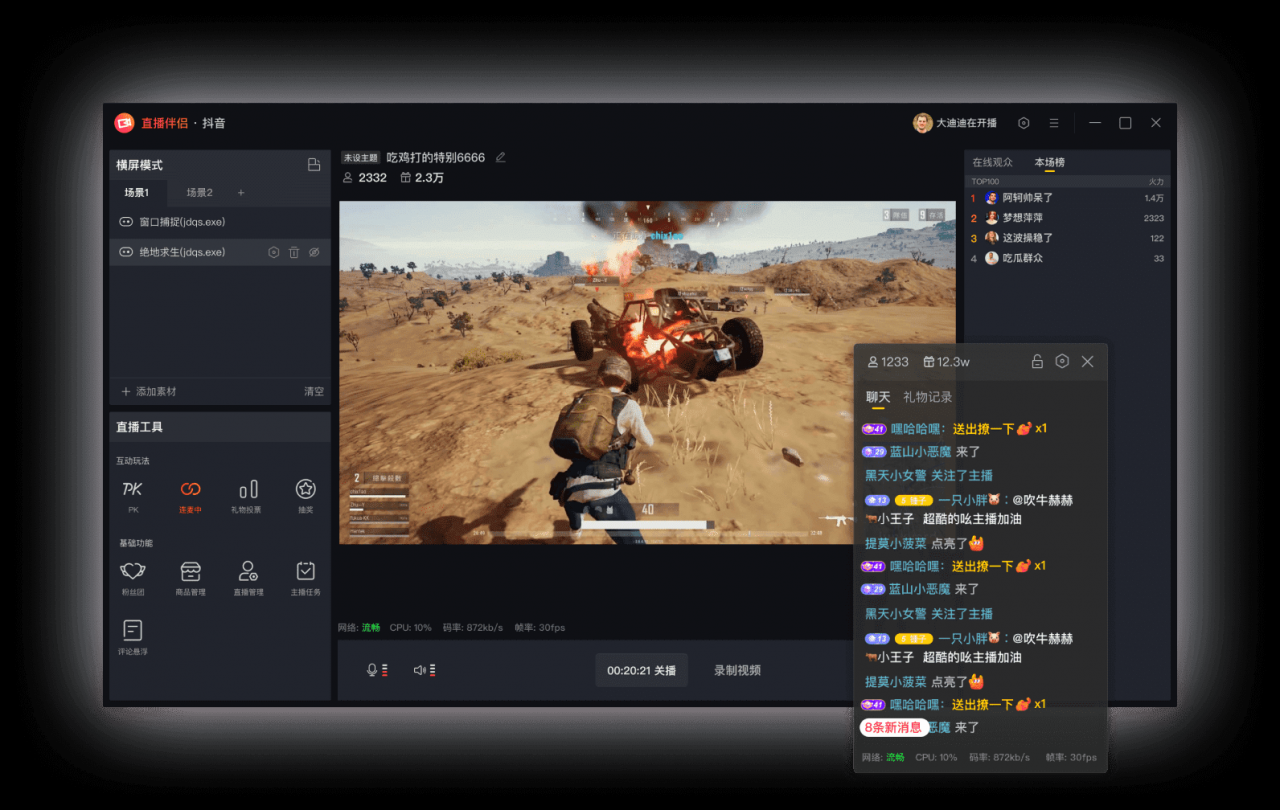 抖音直播伴侣官方版是由第三方平台推出的一款专业的抖音直播辅助工具,专为抖音直播博主打造。本工具可以支持视频直播及录制,只需输入推流地址即可开始直播,软件操作简单,功能非常齐全,同时支持电脑直播,手机直播功能,实时高性能的视频/音频捕捉与混合,以及无限的场景模式使您可以通过自定义实现无缝转换,精简的设置面板用于快速配置您的直播或录制,轻松地在不同的配置之间切换,你还可以选择适合您环境的多个主题,是在PC端上做抖音直播的必备辅助工具。
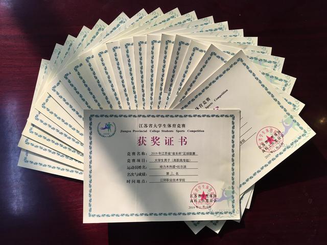 2019年江苏省“省长杯”大学生足球联赛高职高专组总决赛于11月14日在江阴职业技术学院拉开了帷幕。来自苏南、苏中、苏北、南京四大分赛区的8支球队参加了总决赛,最终我校男子足球队荣获“省长杯”大学生足球联赛高职高专组第三名。
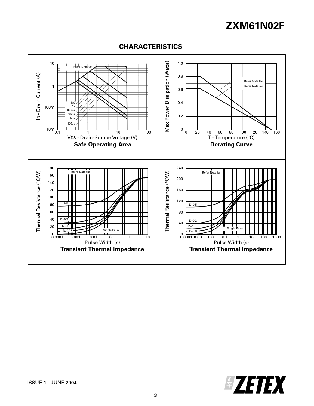 ZXM61N02FCHARACTERISTICS ) 10 1.0 Refer Note (a) tts a ) A 0.8 Refer Note (b) nt ( 1 tion (W re Refer Note (a) 0.6 ipa s is in Cur DC 0.4 ra 100m 1s r D 100ms e - D 10ms 0.2 ID 1ms Pow 100us x 10m 0 0.1 1 10 100 Ma 0 20 40 60 80 100 120 140 160 VDS - Drain-Source Voltage (V) T - Temperature (°C) Safe Operating AreaDerating Curve 180 240 ) Refer Note (b) Refer Note (a) /W 160 /W 200 °C 140 °C ( ce 120 ce 160 an an 100 ist ist 120 s s e 80 D=0.5 e D=0.5 l R 60 l R 80 a a 40 D=0.2 rm rm D=0.2 e e 40 D=0.1 h 20 h D=0.1 T Single Pulse D=0.05 Single Pulse T D=0.05 0 0 0.0001 0.001 0.01 0.1 1 10 0.0001 0.001 0.01 0.1 1 10 100 1000 Pulse Width (s) Pulse Width (s) Transient Thermal ImpedanceTransient Thermal Impedance ISSUE 1 - JUNE 2004 3
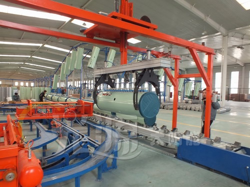 該生產(chǎn)線水箱發(fā)泡采用臥式無氟高壓定量一次發(fā)泡工藝,是國內(nèi)第一家,也是目前國內(nèi)最先進(jìn)的發(fā)泡線;內(nèi)外桶組裝完成后由機(jī)械手自動抓取,放到工藝小車上,發(fā)泡完成后也由機(jī)械手來完成水箱的下件工作,減輕了工人的勞動強(qiáng)度,減少了搬運過程中的磕碰等現(xiàn)象;發(fā)泡完成后水箱由錐滾線和升降機(jī)自動運送到地下室,屬首家采用地下室恒溫保溫工藝,節(jié)約能源,保證生產(chǎn)出的水箱具有穩(wěn)定的質(zhì)量。
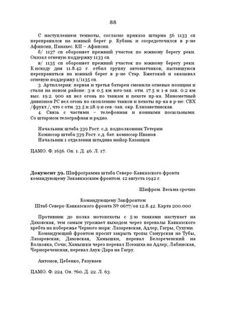 Шифрограмма штаба Северо-Кавказского фронта командующему Закавказским фронтом. 12 августа 1942 г. // ЦАМО. Ф. 224. Оп. 760. Д. 22. Л. 63.
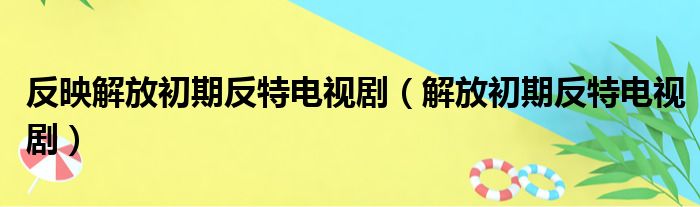 反映解放初期反特电视剧(解放初期反特电视剧)
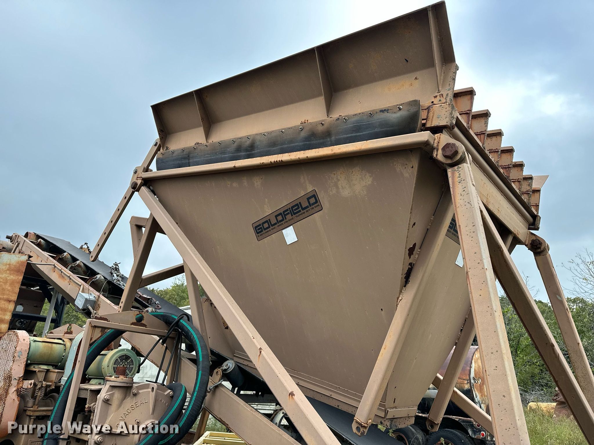 Purple Wave is selling a used Screen or Screening Plant in Arkansas. This item is a Goldfield wash plant with the following: Screen deck, Length: 7' 6", Width: 26", Decks: 4, Input hopper, Grizzly, Conveyor, Width: 16", RE Sabre electric motor, HP: 7.5, Phase: Three, Volts: 208-230/460,, (2) roughing classifiers, (2) finishing classifiers, (2) Vacuum seal water pumps, (2) Emerson E183 electric motors, HP: 0.75, Phase: Three, Volts: 208-230/460, Emerson E186 electric motor, HP: 1, Phase: Three, Volts: 190/380, Trailer not included, Unknown operating condition
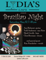 Saturday 7:00 pm to 10:00 pm | Brazilian Night, Ann Belmont - guitar/vocals, Todd Anderson - sax, Chris Bowman - drums, Mark Usvolk - bass, Kim Kincheloe - vocals Latin, Jazz | Lydia's Cafe & Bar 7 Old US Highway 209 Stone Ridge, NY See Map |
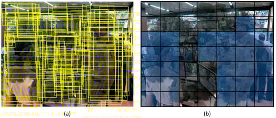 Figure 7 shows how to set the object candidate group during the work to detect disaster victims covered by smoke using YOLOv3. Figure 7a shows the generation of bounding boxes surrounding predicted objects. Figure 7b shows the areas where it is predicted that there are humans. Following this step, and further preventing the correct bounding box from being deleted due to the phenomenon of occlusion of a human by smoke (Equation (2)), only the most reliable bounding box is left, and the final result is shown in Figure 8 below.
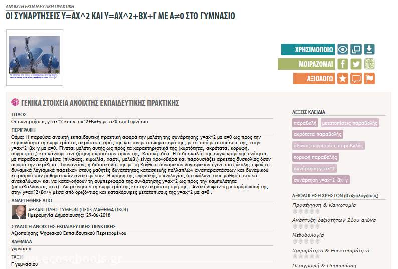 - ΑΝΟΙΧΤΗ ΕΚΠΑΙΔΕΥΤΙΚΗ ΠΡΑΚΤΙΚΗ: Οι συναρτήσεις y=αx2 και y=αx2+βx+γ με α≠0 στο γυμνάσιο http://photodentro.edu.gr/oep/r/8532/635?locale=el

=====

- About this task: Could you reproduce the records above exactly, leaving out the pictures?

- Solved problem:
 抖音直播伴侣官方版是由第三方平台推出的一款专业的抖音直播辅助工具,专为抖音直播博主打造。本工具可以支持视频直播及录制,只需输入推流地址即可开始直播,软件操作简单,功能非常齐全,同时支持电脑直播,手机直播功能,实时高性能的视频/音频捕捉与混合,以及无限的场景模式使您可以通过自定义实现无缝转换,精简的设置面板用于快速配置您的直播或录制,轻松地在不同的配置之间切换,你还可以选择适合您环境的多个主题,是在PC端上做抖音直播的必备辅助工具。
 2019年江苏省“省长杯”大学生足球联赛高职高专组总决赛于11月14日在江阴职业技术学院拉开了帷幕。来自苏南、苏中、苏北、南京四大分赛区的8支球队参加了总决赛,最终我校男子足球队荣获“省长杯”大学生足球联赛高职高专组第三名。
 ZXM61N02FCHARACTERISTICS ) 10 1.0 Refer Note (a) tts a ) A 0.8 Refer Note (b) nt ( 1 tion (W re Refer Note (a) 0.6 ipa s is in Cur DC 0.4 ra 100m 1s r D 100ms e - D 10ms 0.2 ID 1ms Pow 100us x 10m 0 0.1 1 10 100 Ma 0 20 40 60 80 100 120 140 160 VDS - Drain-Source Voltage (V) T - Temperature (°C) Safe Operating AreaDerating Curve 180 240 ) Refer Note (b) Refer Note (a) /W 160 /W 200 °C 140 °C ( ce 120 ce 160 an an 100 ist ist 120 s s e 80 D=0.5 e D=0.5 l R 60 l R 80 a a 40 D=0.2 rm rm D=0.2 e e 40 D=0.1 h 20 h D=0.1 T Single Pulse D=0.05 Single Pulse T D=0.05 0 0 0.0001 0.001 0.01 0.1 1 10 0.0001 0.001 0.01 0.1 1 10 100 1000 Pulse Width (s) Pulse Width (s) Transient Thermal ImpedanceTransient Thermal Impedance ISSUE 1 - JUNE 2004 3
 該生產(chǎn)線水箱發(fā)泡采用臥式無氟高壓定量一次發(fā)泡工藝,是國內(nèi)第一家,也是目前國內(nèi)最先進(jìn)的發(fā)泡線;內(nèi)外桶組裝完成后由機(jī)械手自動抓取,放到工藝小車上,發(fā)泡完成后也由機(jī)械手來完成水箱的下件工作,減輕了工人的勞動強(qiáng)度,減少了搬運過程中的磕碰等現(xiàn)象;發(fā)泡完成后水箱由錐滾線和升降機(jī)自動運送到地下室,屬首家采用地下室恒溫保溫工藝,節(jié)約能源,保證生產(chǎn)出的水箱具有穩(wěn)定的質(zhì)量。
 Шифрограмма штаба Северо-Кавказского фронта командующему Закавказским фронтом. 12 августа 1942 г. // ЦАМО. Ф. 224. Оп. 760. Д. 22. Л. 63.
 反映解放初期反特电视剧(解放初期反特电视剧)
 Purple Wave is selling a used Screen or Screening Plant in Arkansas. This item is a Goldfield wash plant with the following: Screen deck, Length: 7' 6", Width: 26", Decks: 4, Input hopper, Grizzly, Conveyor, Width: 16", RE Sabre electric motor, HP: 7.5, Phase: Three, Volts: 208-230/460,, (2) roughing classifiers, (2) finishing classifiers, (2) Vacuum seal water pumps, (2) Emerson E183 electric motors, HP: 0.75, Phase: Three, Volts: 208-230/460, Emerson E186 electric motor, HP: 1, Phase: Three, Volts: 190/380, Trailer not included, Unknown operating condition
 Saturday 7:00 pm to 10:00 pm | Brazilian Night, Ann Belmont - guitar/vocals, Todd Anderson - sax, Chris Bowman - drums, Mark Usvolk - bass, Kim Kincheloe - vocals Latin, Jazz | Lydia's Cafe & Bar 7 Old US Highway 209 Stone Ridge, NY See Map |
 Figure 7 shows how to set the object candidate group during the work to detect disaster victims covered by smoke using YOLOv3. Figure 7a shows the generation of bounding boxes surrounding predicted objects. Figure 7b shows the areas where it is predicted that there are humans. Following this step, and further preventing the correct bounding box from being deleted due to the phenomenon of occlusion of a human by smoke (Equation (2)), only the most reliable bounding box is left, and the final result is shown in Figure 8 below.
 - ΑΝΟΙΧΤΗ ΕΚΠΑΙΔΕΥΤΙΚΗ ΠΡΑΚΤΙΚΗ: Οι συναρτήσεις y=αx2 και y=αx2+βx+γ με α≠0 στο γυμνάσιο http://photodentro.edu.gr/oep/r/8532/635?locale=el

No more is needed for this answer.